Fig 6. GP plays the major role in the destruction of the iBRB.

Fig 6

(A) Western blot analysis of VLP-ΔGP using an anti-GP antibody. Representative images of three independent experiments are shown. (B) TEM image of VLP-ΔGP. (C) Permeability and (D) TEER of the tri-culture iBRB model were measured 48 h after VLP-ΔGP, VLP-ΔGP + Avastin and VEGF treatment. TEER values were normalized to those of iBRB models themselves before EBO-VLP administration. The box and the whisker present the median ± percentiles (25–75%) and range, respectively. The fold change of permeability compared with iBRB model itself before EBO-VLP administration is presented as the mean ± standard deviation. All values were determined in six independent experiments. (E) The expression of VEGF in HRP after VLP-ΔGP treatment, as quantified by ELISA. The horizontal dashed line marks the limit of detection of the assay.

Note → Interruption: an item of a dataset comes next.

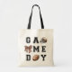 Game Day football tote bag featuring letters G A M E and D Y in a black distressed font with watercolor football illustrations of a football helmet, leather football bow and a football aligned with letters. Additional styles available.

The results are presented as the means ± standard deviation of three independent experiments. (F) The expression of VEGF in HRP after EBOV VP40 and GP was expressed in HRPs. The horizontal dashed line marks the limit of detection of the assay. The results are presented as the means ± standard deviation of three independent experiments. Statistical analysis was performed using Student’s t test. *p < 0.05, **p < 0.01.